START Material supplied

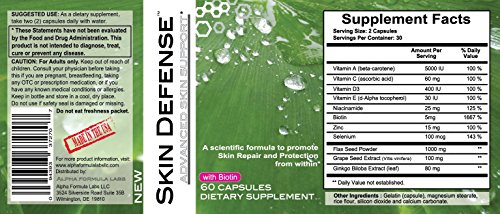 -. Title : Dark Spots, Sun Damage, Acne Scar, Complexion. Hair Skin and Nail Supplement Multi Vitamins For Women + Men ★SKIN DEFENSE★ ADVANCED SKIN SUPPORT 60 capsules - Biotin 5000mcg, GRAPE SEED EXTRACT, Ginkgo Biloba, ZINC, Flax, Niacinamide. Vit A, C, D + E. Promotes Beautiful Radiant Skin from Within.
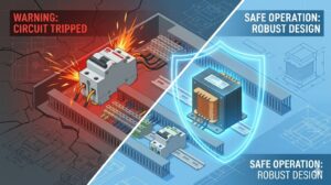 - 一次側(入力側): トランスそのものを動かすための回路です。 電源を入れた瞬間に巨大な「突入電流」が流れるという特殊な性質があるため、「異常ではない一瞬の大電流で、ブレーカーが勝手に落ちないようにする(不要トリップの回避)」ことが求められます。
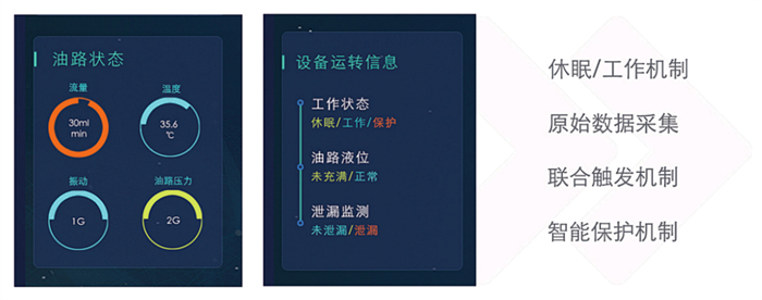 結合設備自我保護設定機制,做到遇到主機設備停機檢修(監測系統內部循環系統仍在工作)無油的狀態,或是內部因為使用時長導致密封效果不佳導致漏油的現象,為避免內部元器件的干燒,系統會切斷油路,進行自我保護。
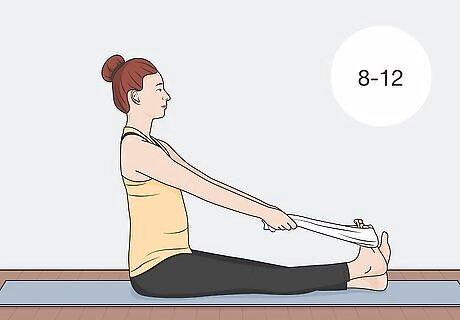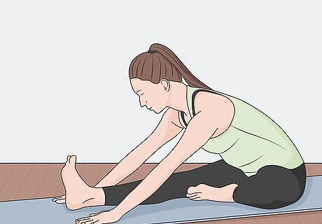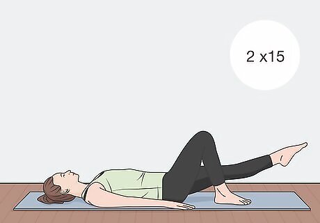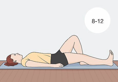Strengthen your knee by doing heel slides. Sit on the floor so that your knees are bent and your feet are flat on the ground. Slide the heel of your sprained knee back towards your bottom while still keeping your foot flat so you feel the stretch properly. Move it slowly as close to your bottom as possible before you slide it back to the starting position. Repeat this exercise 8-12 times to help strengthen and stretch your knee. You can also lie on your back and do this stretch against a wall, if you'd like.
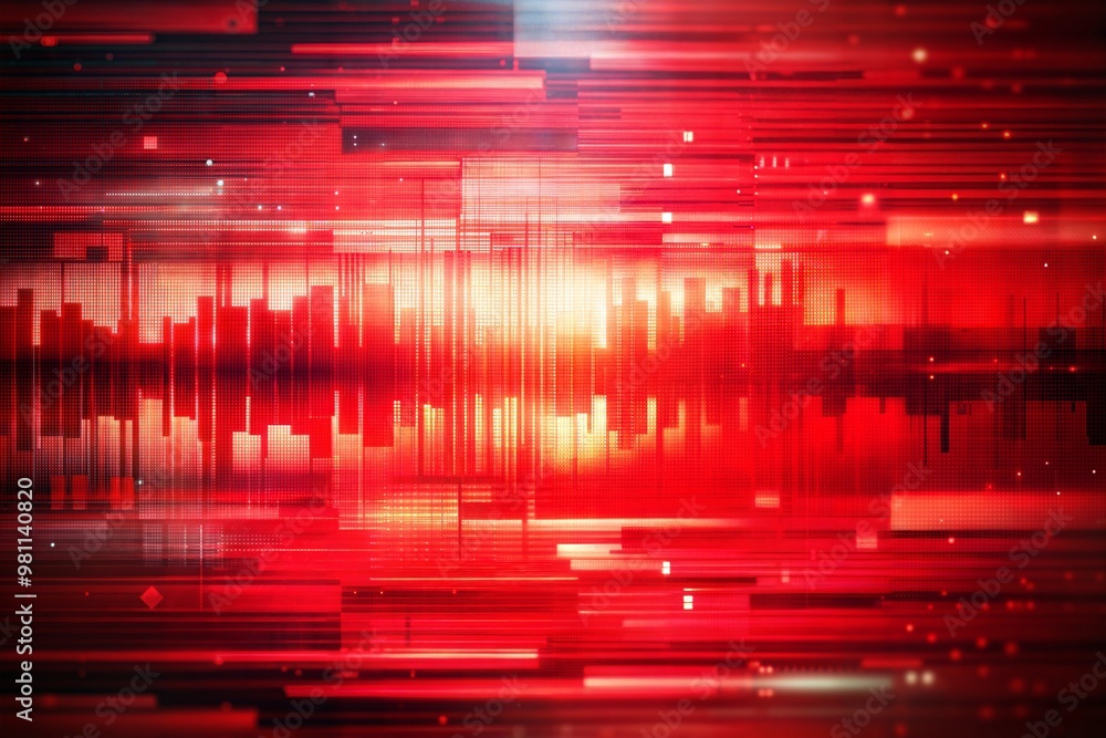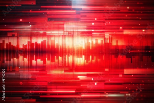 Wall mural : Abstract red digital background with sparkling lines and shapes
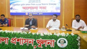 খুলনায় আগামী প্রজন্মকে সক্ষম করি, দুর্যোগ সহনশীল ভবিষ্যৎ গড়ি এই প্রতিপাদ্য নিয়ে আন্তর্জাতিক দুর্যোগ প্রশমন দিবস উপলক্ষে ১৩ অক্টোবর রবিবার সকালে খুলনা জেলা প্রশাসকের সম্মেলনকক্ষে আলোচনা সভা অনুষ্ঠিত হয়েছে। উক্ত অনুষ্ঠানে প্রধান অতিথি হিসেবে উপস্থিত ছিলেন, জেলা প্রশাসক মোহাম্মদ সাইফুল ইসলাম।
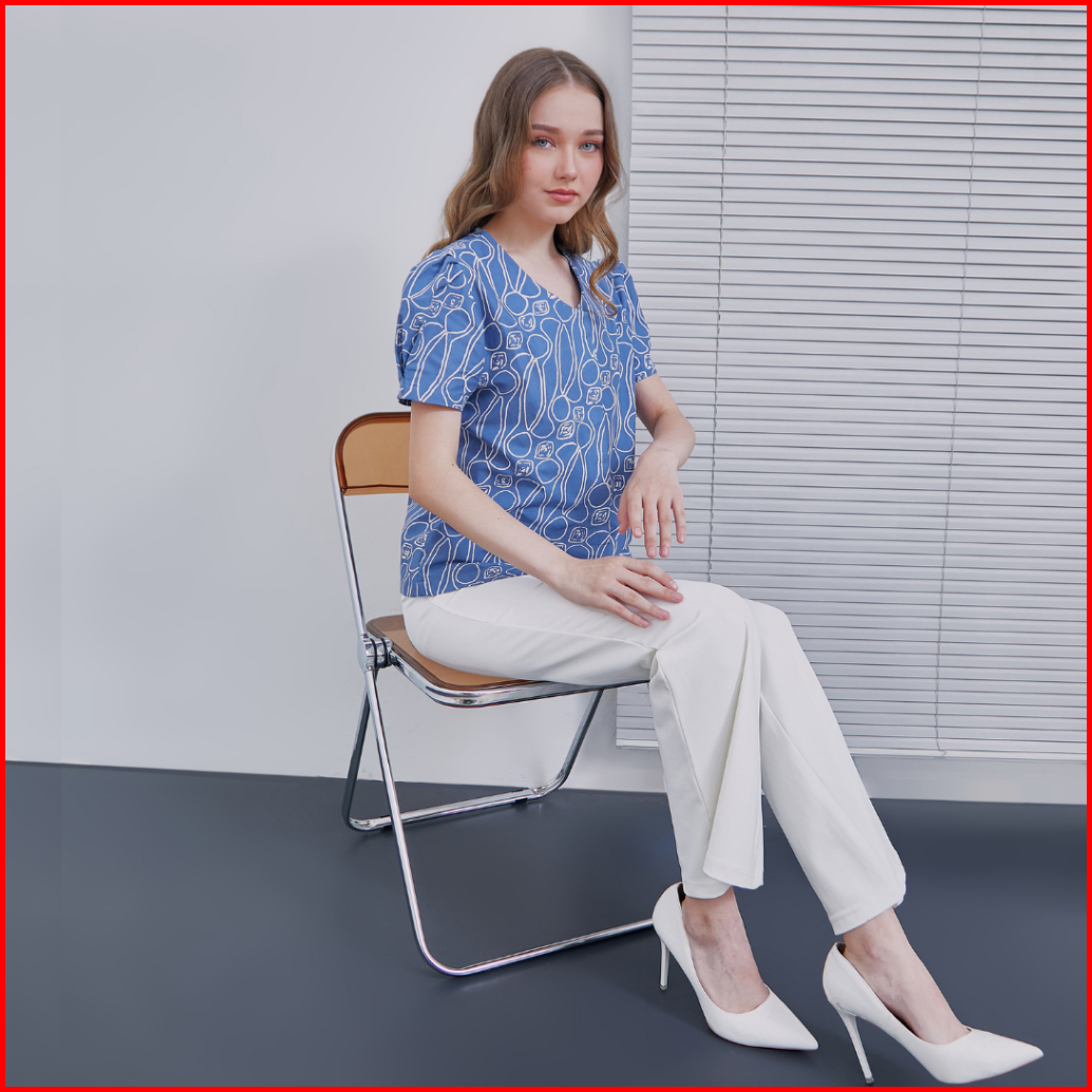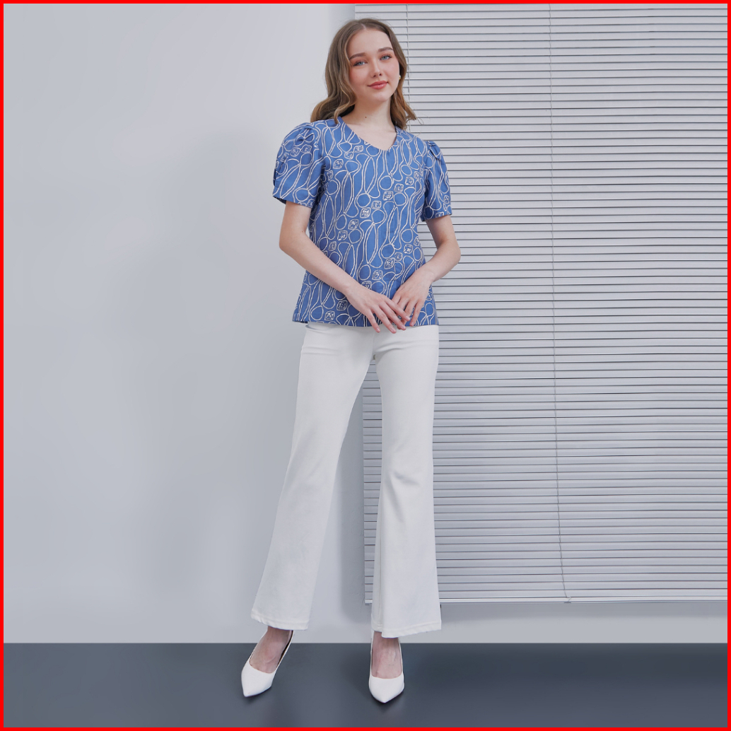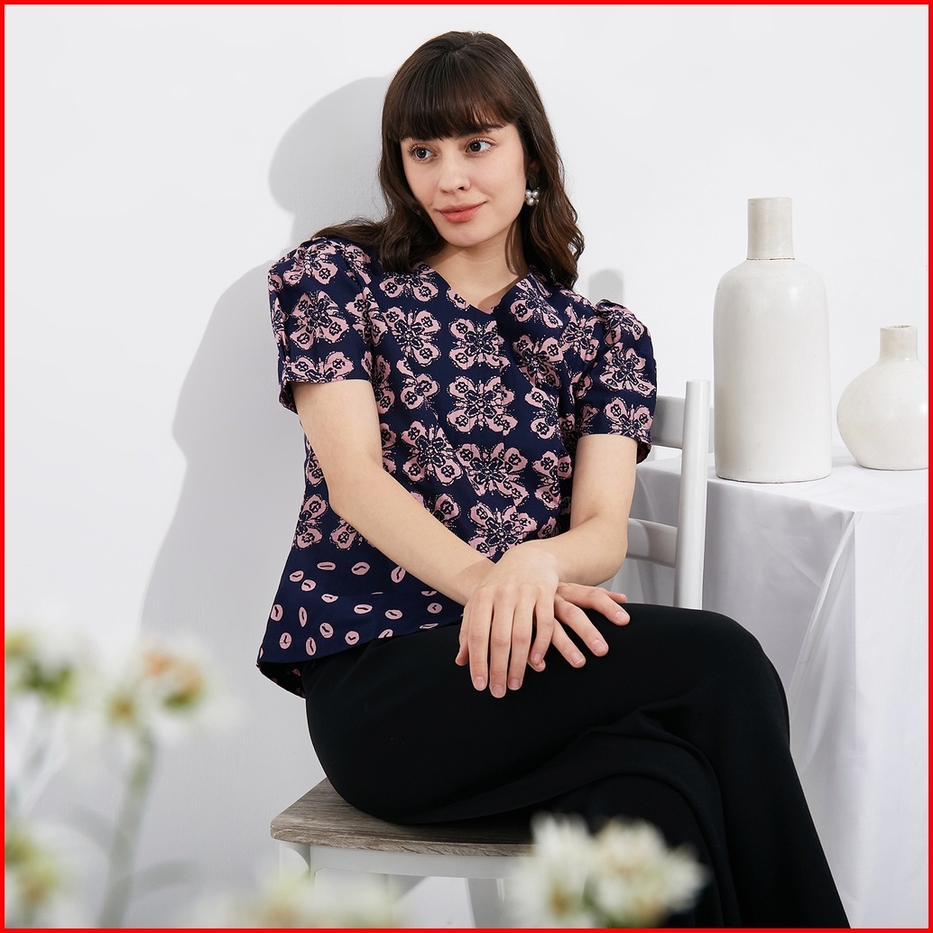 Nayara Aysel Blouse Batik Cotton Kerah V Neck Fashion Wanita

END Material supplied

■ Requirement: Copy only what lies between the line with "- 一次側(入力側): トランスそのものを動かすための回路です。" and the line with "結合設備自我保護設定機制,做", those two lines included, exactly as given above; pictures stay out.

■ Answer box:
 - 一次側(入力側): トランスそのものを動かすための回路です。 電源を入れた瞬間に巨大な「突入電流」が流れるという特殊な性質があるため、「異常ではない一瞬の大電流で、ブレーカーが勝手に落ちないようにする(不要トリップの回避)」ことが求められます。
 結合設備自我保護設定機制,做到遇到主機設備停機檢修(監測系統內部循環系統仍在工作)無油的狀態,或是內部因為使用時長導致密封效果不佳導致漏油的現象,為避免內部元器件的干燒,系統會切斷油路,進行自我保護。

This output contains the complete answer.